■ **Exercise directions**:
The reply should hold only the lines from the one with "Traffic Jam Warning" to the one with "Black & Dark", both ends kept, exactly as they appear below, without any pictures.

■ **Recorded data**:
+-------+
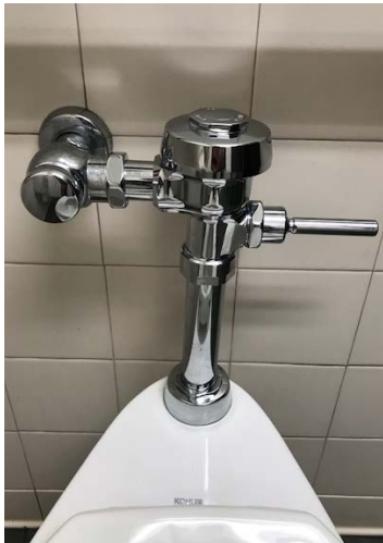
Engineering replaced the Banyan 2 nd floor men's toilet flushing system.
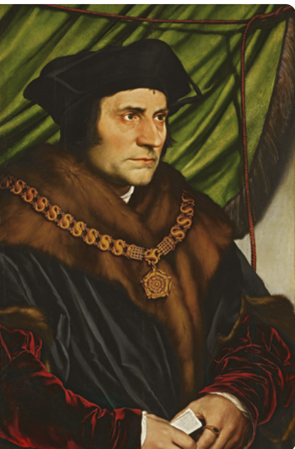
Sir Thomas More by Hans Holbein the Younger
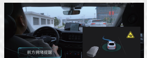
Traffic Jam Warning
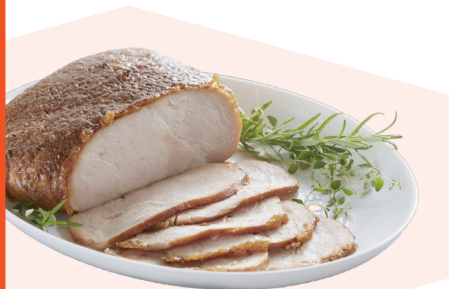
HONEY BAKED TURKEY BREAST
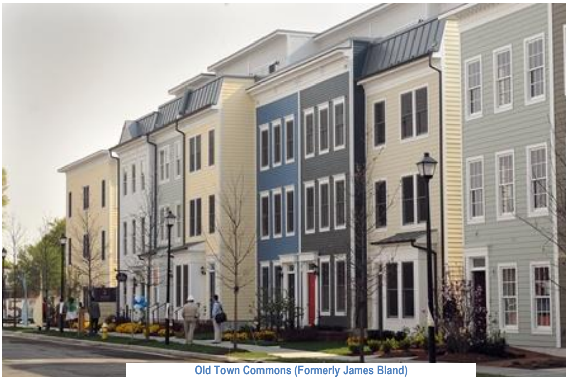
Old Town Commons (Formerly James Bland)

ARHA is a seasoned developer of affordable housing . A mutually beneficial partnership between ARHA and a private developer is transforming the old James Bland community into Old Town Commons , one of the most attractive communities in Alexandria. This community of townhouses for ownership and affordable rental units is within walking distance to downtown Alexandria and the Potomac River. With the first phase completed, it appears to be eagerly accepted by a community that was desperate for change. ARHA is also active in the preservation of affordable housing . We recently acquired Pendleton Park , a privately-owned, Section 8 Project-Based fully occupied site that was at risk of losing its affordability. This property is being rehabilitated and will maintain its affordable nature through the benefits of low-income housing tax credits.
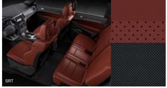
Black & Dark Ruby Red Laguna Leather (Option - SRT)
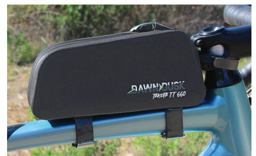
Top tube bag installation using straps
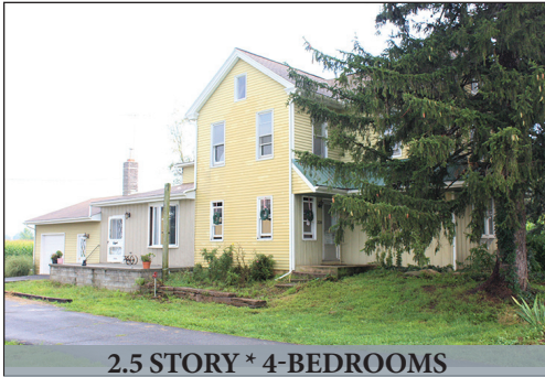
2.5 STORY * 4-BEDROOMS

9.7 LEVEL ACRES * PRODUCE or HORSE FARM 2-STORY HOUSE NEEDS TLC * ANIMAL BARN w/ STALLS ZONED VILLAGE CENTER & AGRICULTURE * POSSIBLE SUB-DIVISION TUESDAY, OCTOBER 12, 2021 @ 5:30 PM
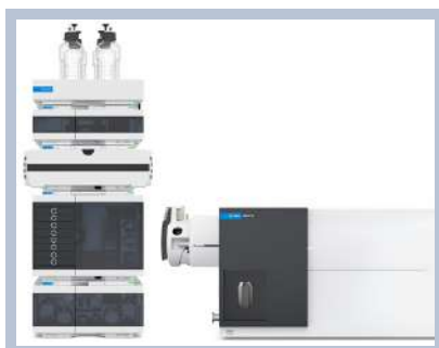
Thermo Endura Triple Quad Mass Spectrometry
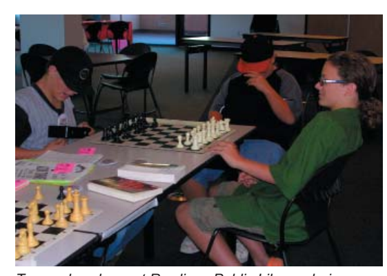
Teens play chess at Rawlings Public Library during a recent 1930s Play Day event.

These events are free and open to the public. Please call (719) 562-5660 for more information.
+-------+
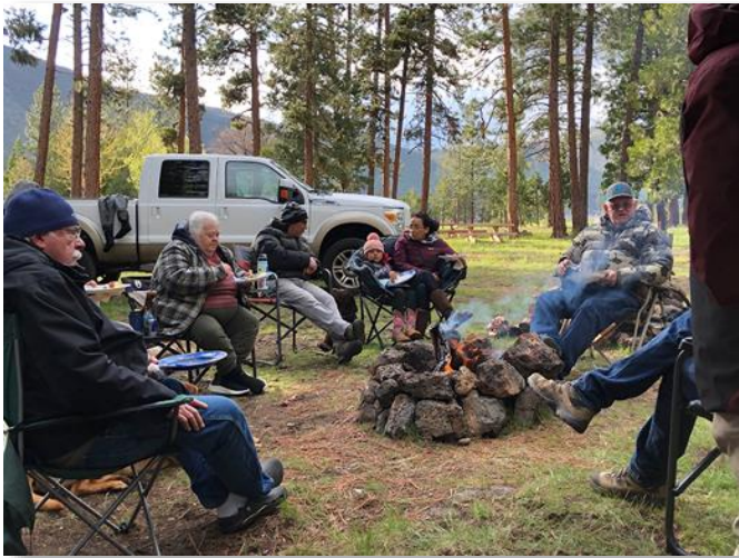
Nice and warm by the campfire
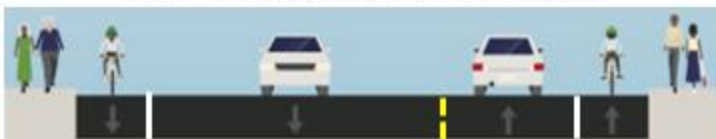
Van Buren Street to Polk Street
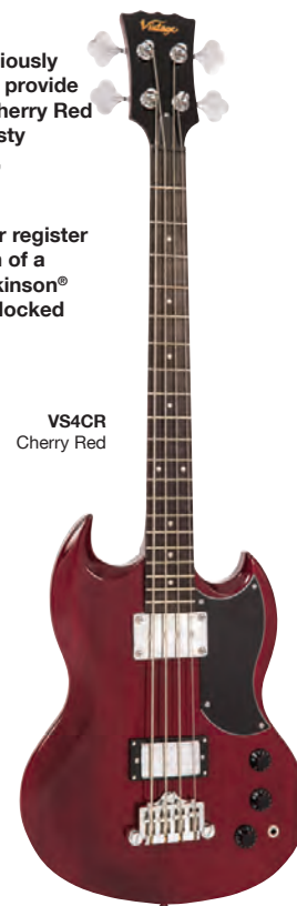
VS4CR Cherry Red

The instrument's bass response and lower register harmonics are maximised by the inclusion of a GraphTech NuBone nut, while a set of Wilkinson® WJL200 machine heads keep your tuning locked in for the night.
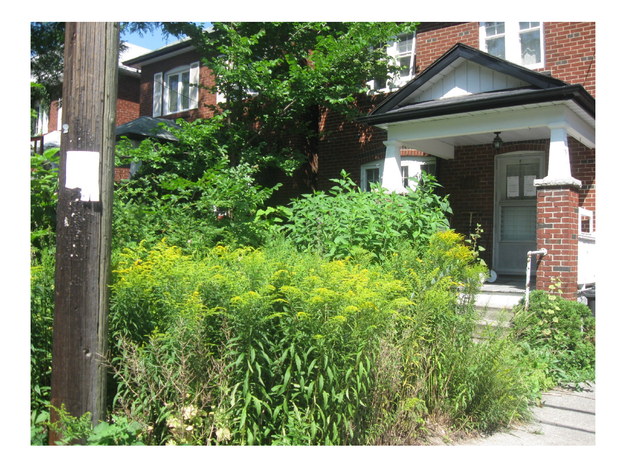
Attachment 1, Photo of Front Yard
+-------+
■ **Exercise result**:
Traffic Jam Warning
HONEY BAKED TURKEY BREAST
Old Town Commons (Formerly James Bland)

ARHA is a seasoned developer of affordable housing . A mutually beneficial partnership between ARHA and a private developer is transforming the old James Bland community into Old Town Commons , one of the most attractive communities in Alexandria. This community of townhouses for ownership and affordable rental units is within walking distance to downtown Alexandria and the Potomac River. With the first phase completed, it appears to be eagerly accepted by a community that was desperate for change. ARHA is also active in the preservation of affordable housing . We recently acquired Pendleton Park , a privately-owned, Section 8 Project-Based fully occupied site that was at risk of losing its affordability. This property is being rehabilitated and will maintain its affordable nature through the benefits of low-income housing tax credits.
Black & Dark Ruby Red Laguna Leather (Option - SRT)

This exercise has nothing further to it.